However, the Supreme Court rejected the contention and noted that since the arbitral award is a foreign award, it has to be enforced under Part II of the Arbitration Act. The explanation to Section 47 of the Arbitration Act provides that only the High Court would have jurisdiction to enforce a foreign award9.
(vi) Ability to secure interim reliefs under Section 9 of the Arbitration Act:
The Supreme Court categorically observed that when two Indian parties elect a foreign seat of arbitration, it would be classified as an international commercial arbitration by relying on the place-centric approach. Accordingly, it ruled that the interim application under Section 9 should be heard in terms of Section 2(e)(ii) of the Arbitration Act, and was therefore maintainable before the Gujrat High Court.10ANALYSIS AND WAY FORWARD
The decision of the Supreme Court is important on several fronts. First, it accords recognition to the principle of party autonomy and emphasises the fact that there is no bar under Indian law to permit two India domiciled parties to choose a foreign seat of arbitration.
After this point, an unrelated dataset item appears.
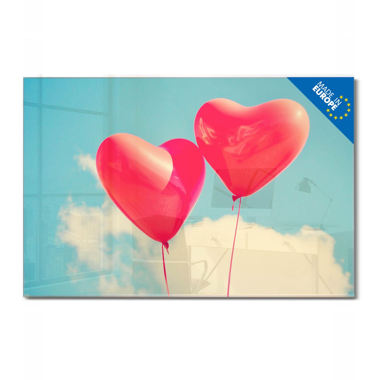 Material: 4mm Sicherheitsglas mit Metallrückwand Eigenschaften: beschreibbar, magnetisch, kratzfest Maße: 45x30x0,6cm, 2,03kg schwer Motiv Nummer 11369 Wolke Sieben Zubehör: inklusive 4 Neodym-Magnete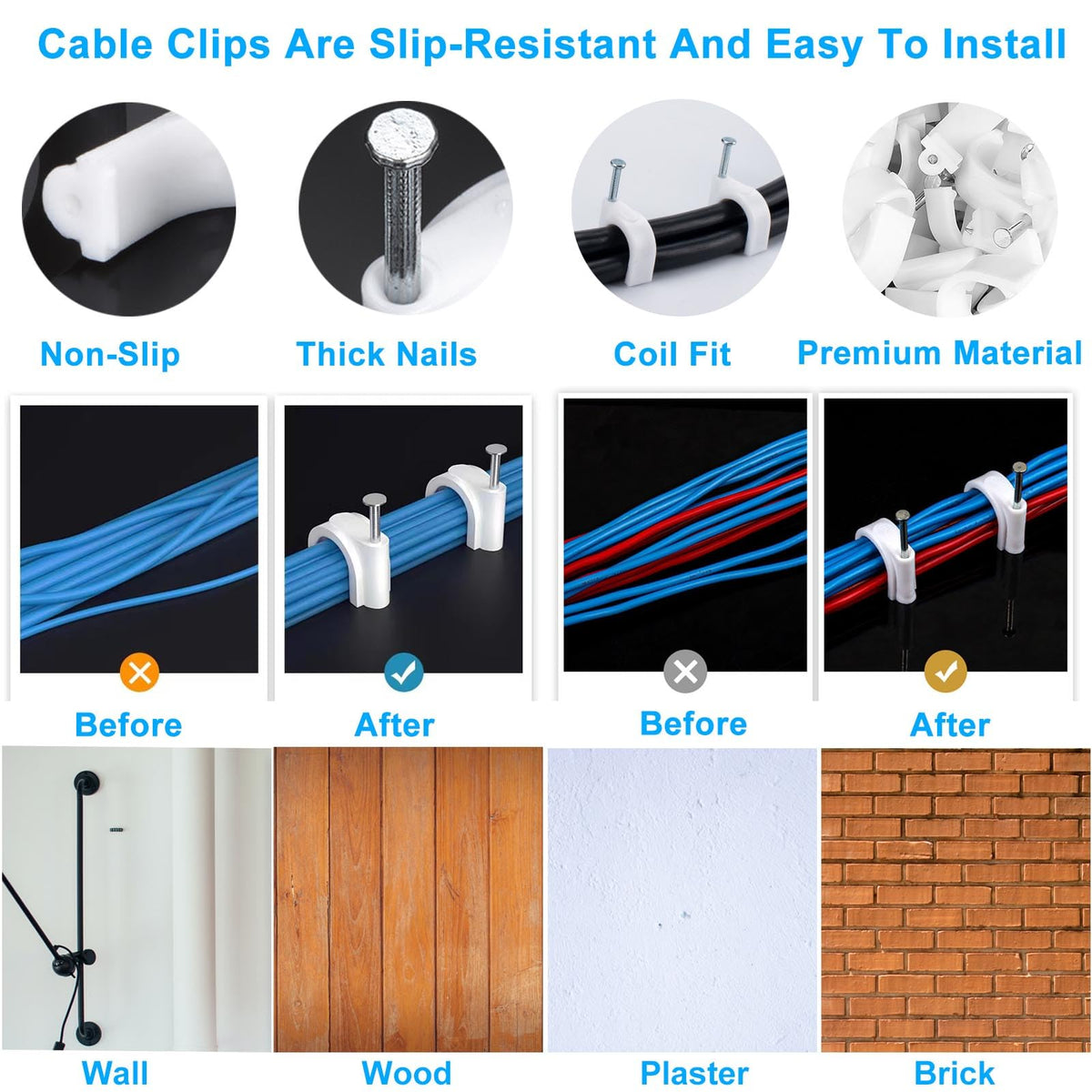 Are You Looking For A Cable Management Solution That Easily Manage All Your Cables At Home Or In The Office? Look No Further Than Our Cable Clips With Steel Nail!&Nbsp; Massive Quantity: Our Cable Clips For Cords Come In Packs Of 400 Pcs A Per Set, 100 Pcs Per Size With Wire Clips Of 4 Mm, 6 Mm, 8 Mm And 10 Mm, You Will Have The Enough Quantity Coaxial Nail Clamps For Meeting Your Different Needs. Premium Material: Our Cable Tacks Are Made Of Premium Stabilized Plastic And Hardened Nails, Making Nail In Cable Clips Very Difficult To Break. And Our Ethernet Nail Clips Have Strong Bearing Capacity, Corrosion Resistance, Ageing Resistance And Good Insulation Performance. Coax Cable Clips Have Long Enough Nails To Get The Job Well Done, And Wire Wall Clips Will Never Slide Out Or Loosen. Easy To Use: The Surface Of Each Cable Clips With Steel Nail Has A Clear Size Mark, Which Is Convenient For You To Quickly Identify A Suitable Cable Clips When You Use Coaxial Cable Clamps. Nail Wire Clips Can Be Easily Installed By Simply Positioning The Cable Nail Clips For Wires And Using A Hammer To Tap Nail For Cable Clips Nail Into A Surface Of Wood, Plaster, Brick, Etc. Variety Of Uses: Nail Cable Holders Can Flexible For Cable Management Of Multiple Electric Device Cables Of Varying Widths Including Usb Cables, Tv Cable, Telephone Cable, Computer Power Cords, Print Cable. Cable Wire Clips Also For Rg6, Rg59, Cat6, Rj45 Cable, Coax Cable, Ethernet Cable, Satellite Dish Wires, Vga Video Cable And Etc. Best Choice: Our Ethernet Wire Clips Durable And Well Made, Attached Well To Cable Hook Wall. Cable Wire Clips Can Help Those Cluttered Cords On The Floor Much Cleaner And Safer. You Can Experience The Quality And Reliability Of Our Cable Clips With Steel Nail For Yourself! You Will Get The Best Cable Management Solution Available And Enjoy A Cleaner, More Organized Workspace!

Second, it also puts to rest several conflicting decisions of High Courts as well as the Supreme Court on the issue. In the past, this issue was properly considered for the first time by the Madhya Pradesh High Court in Sasan Power Ltd. v. North American Coal Corpn. (India) (P) Ltd.11 (“Sasan Power”), wherein it was held that Indian parties are free to choose a foreign seat of arbitration. While arriving at its decision, the Madhya Pradesh High Court considered the case of Atlas Exports Industries v. Kotak & Company12, in which the Supreme Court under the Arbitration and Conciliation Act, 1940 had held that merely because the arbitration is situated in a foreign country, it would not by itself be enough to nullify the arbitration agreement that the parties had entered into on their own volition. Further, arbitration is covered under Exception 1 to Section 28 of the Contract Act and right of the parties to legal recourse is not excluded by arbitration which is also a form of legal adjudication. Similar conclusions were arrived at in other cases such as the Delhi High Court’s decision in GMR Energy Limited v. Doosan Power Systems India Private Limited13.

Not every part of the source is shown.